Even without inflation, the universe was expanding infinitely fast, at the Big Bang, according to the standard Friedmann equations, H(t=0) --> infinity. I understand, that this is visualizable, as the vertical, 'infinitely steep', asymptote, of the Cosmic Scale Factor, plotted as a function of time, simply in 1D:

or, as a more attention-grabbing 'surface-of-revolution':

Thus, at the "bottom of space-time", back at the Big Bang, the fabric of space-time becomes asymptotically flat, with a flat, planar, tangent surface.

For FRW cosmologies, one chooses the global curvature / topology first ("is k=-1, 0, or 1 ?"), and only then solves for the evolution of the scale factor, as governed by GR, constrained-and-confined to, that prior, "a priori" choice-and-imposition-upon-the-physics-formulae. By construction, the global topological curvature, of the space-time-fabric, is assumed from the start (k=-1,0,1), and never allowed to change thereafter, irrespective of whatever types of matter, radiation, dark energy, etc., that you "throw into the mathematical stew pot", afterwards.

CONCLUSION: The global curvature, of our space-time fabric, as mathematically modeled, in all FRW cosmologies, is, qualitatively ("open, closed, flat"), time-invariant. Again, mathematically, the human physicist-cum-mathematical-modeller, first chooses "willy nilly" an assumed-from-the-first global topology ("open, closed, flat", "k=1,-1,0"); and only then starts to solve any kind of equations, after imposing that metric (describing the topology), into-and-onto, the GR equations. Once you select a topology, there's "no going back". Er go, "once closed, always closed", no matter the math arising from the GR equations:

1. choose global topology ("open, closed, flat", "k=1,-1,0")
2. impose topology into GR, and solve

13. Look up the word topology. "Open" and "Flat" are not different topologies. You don't have to know the meaning of every word, but you should know the meaning of the words you use.

In any case, it looks like you have just made a case against your earlier argument that curvature would have been important at the time of nuclear fusion.

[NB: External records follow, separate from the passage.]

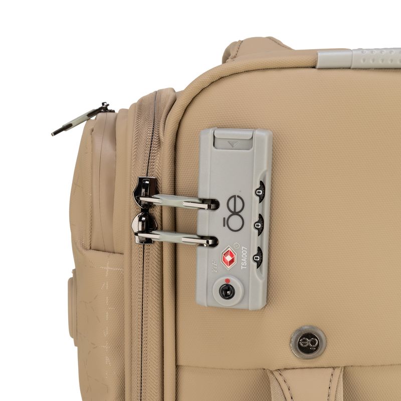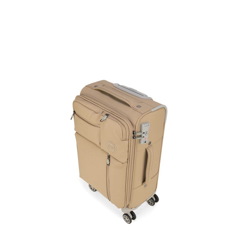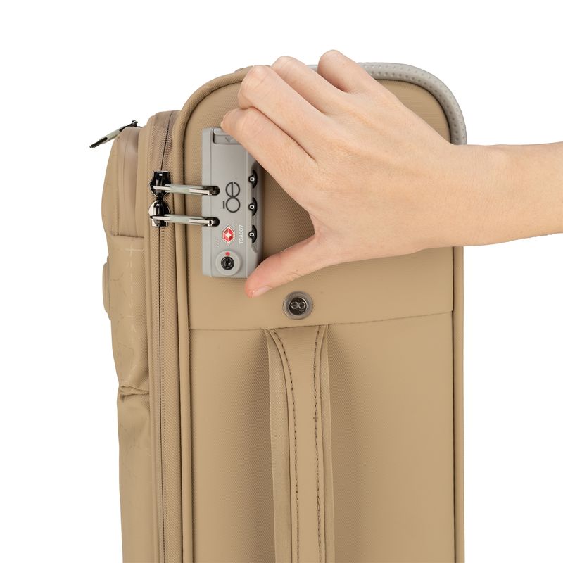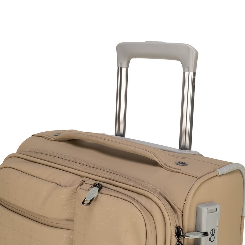 Equipaje Chico 20 plg de cabina hecho de material textil. Cuatro ruedas dobles y silenciosas, con movimiento 360º. Cerradura de combinación compatible con TSA. Bastón de tres alturas.
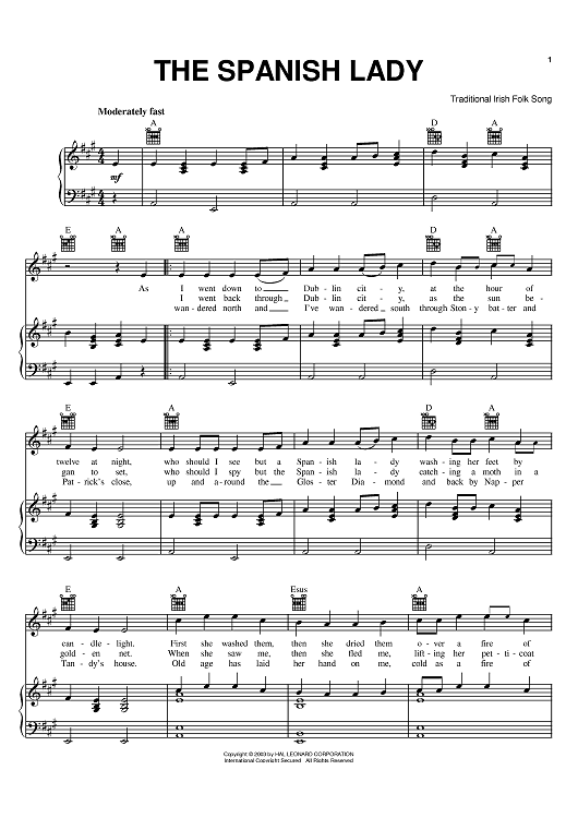 Digital Sheet Music for The Spanish Lady by scored for Piano/Vocal/Chords; id:373101
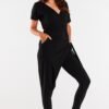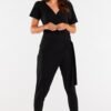 Jumpsuit with tight legs and an envelope top. Crinkled with a wide elastic waistband. It has an asymmetrical binding at the front and pockets. Designed and sewn in Poland.

14. Originally Posted by DanielC
I expect you'll find that by the time the universe is cool enough to allow nuclear interactions, it has expanded enough that from the point of view of a quark it might as well be flat.
Yes -- once you know the red-shift of PNS, you know what the (relative) scale-factor was, then. And, assuming that the absolute scale-factor, today, is "of order" the Hubble Distance DH = c T0 = c / H0, then the universal space-time fabric, then, still had a radius-of-curvature comparable in size to a galaxy (~100 thousand light-years).

It is the difference between the strong nuclear force and gravity.... The features in the CMB are large scale (i.e. cosmic scale) density fluctuations driven by gravity. Neutrinos produce gravity too, and the amount of neutrinos has detectable effects in cosmic structures.
That is clear, cogent, & concise, and is the first I have heard that explanation -- so, neutrinos indirectly "smooth out matter fluctuations", at +400 Kyr, by "smoothing out the space-time fabric", which then affects other matter particles. To wit, neutrinos do not produce a "wind" which smooths out other particles, by direct collisional interactions, but by first affecting space-time itself.

That explanation is quite clear, and so I accept it. Would you please tell me where you learned that from ? I read allot, and every source I've seen always has said "neutrinos interacted w/ matter to smooth the CMB", and none said "neutrinos smoothed SPACE-TIME"... (or so I interpreted them to say)... such is an important distinction, what source could I consult that is that clear on the concept??